Carcinoid tumors develop from neuroendocrine cells in the GI tract (90%—see Small-Bowel Tumors), pancreas, and pulmonary bronchi (see Bronchial Carcinoid). More than 95% of all GI carcinoids originate in only 3 sites: the appendix, ileum, and rectum. Although carcinoids are often benign or only locally invasive, those affecting the ileum and bronchus are frequently malignant.
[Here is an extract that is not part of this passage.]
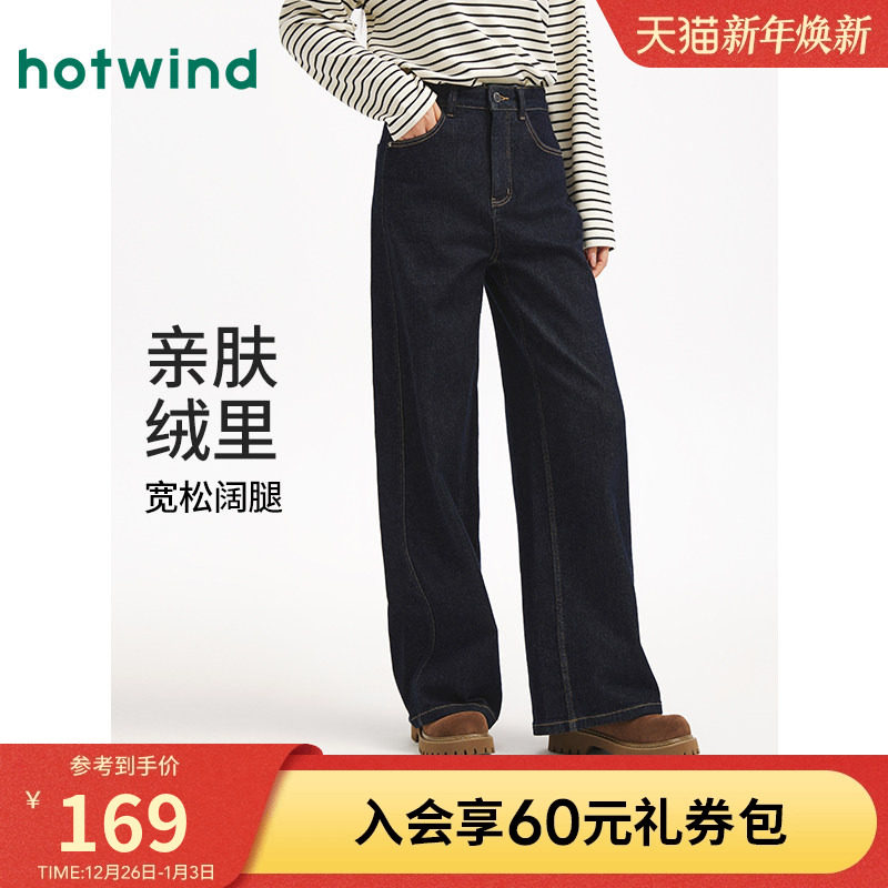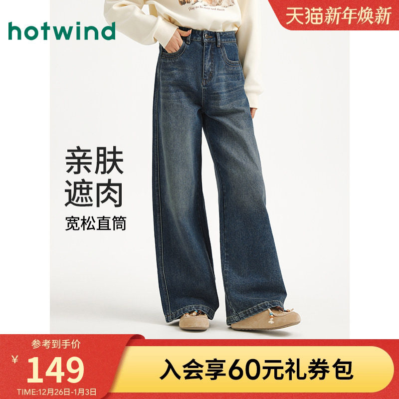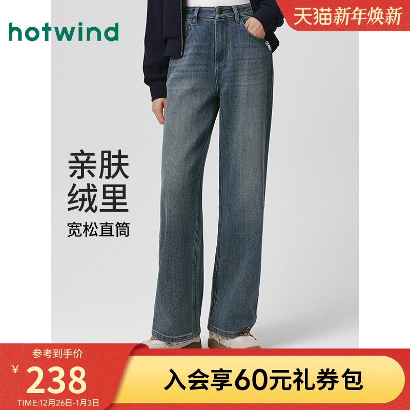 热风女士直筒加绒牛仔裤2025年秋季新款复古做旧阔腿显瘦牛仔裤
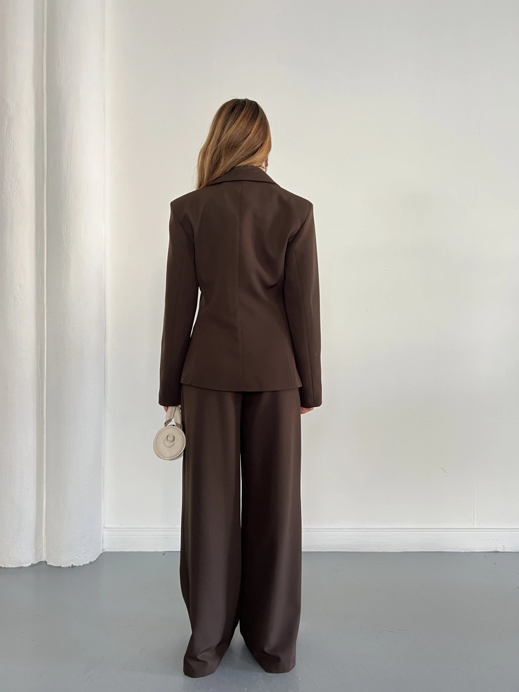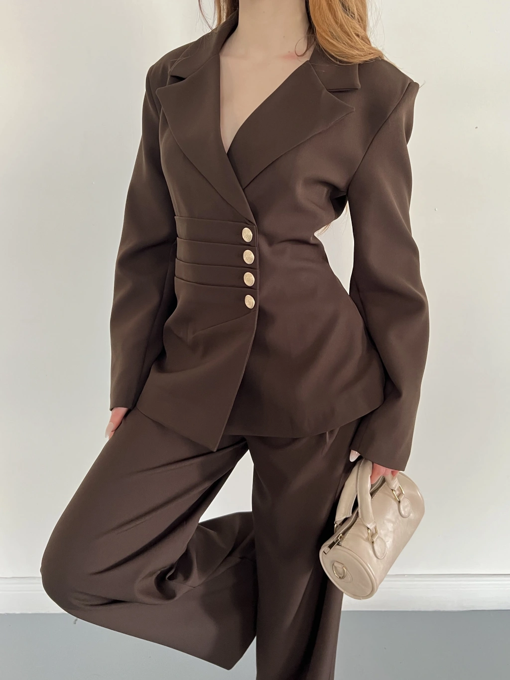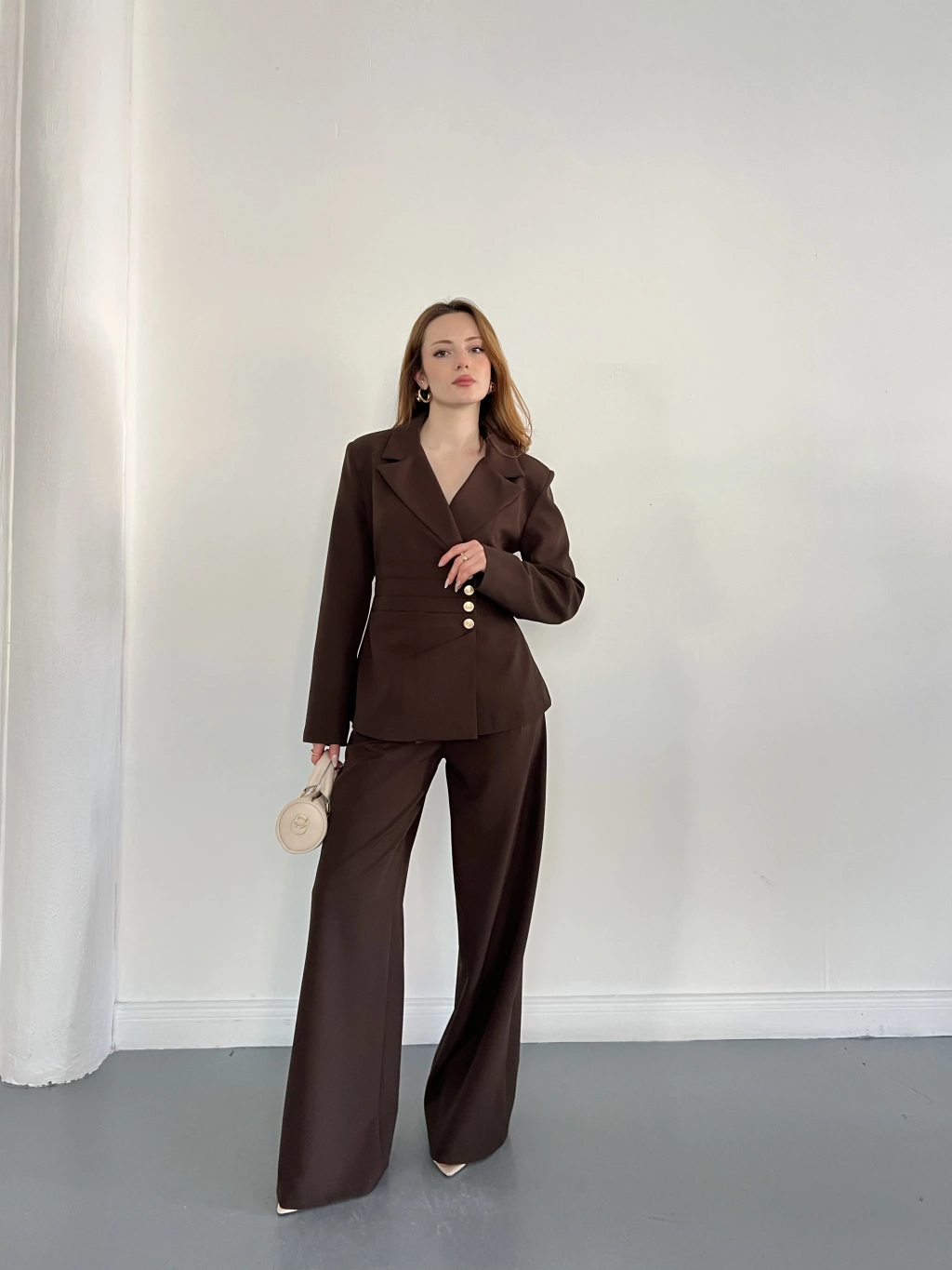 Düğme Detaylı Doublu Kumaş Tasarım Takım Kahve

Carcinoids can be endocrinologically inert or produce various hormones. The most common endocrinologic syndrome is carcinoid syndrome; however, most patients with carcinoids do not develop carcinoid syndrome. The likelihood that a tumor will be endocrinologically active varies with its site of origin, being highest for tumors originating in the ileum and proximal colon (40 to 50%). The likelihood is lower with bronchial carcinoids, lower still with appendiceal carcinoids, and essentially zero with rectal carcinoids.
Endocrinologically inert carcinoids are suspected because of their symptoms and signs (eg, pain, luminal bleeding, GI obstruction). They can be detected by angiography, CT, or MRI. Small-bowel carcinoids may exhibit filling defects or other abnormalities on barium x-rays. Definitive diagnosis is made histologically after biopsy or resection.
Endocrinologically active carcinoids are diagnosed and treated as described for carcinoid syndrome (see Carcinoid Syndrome).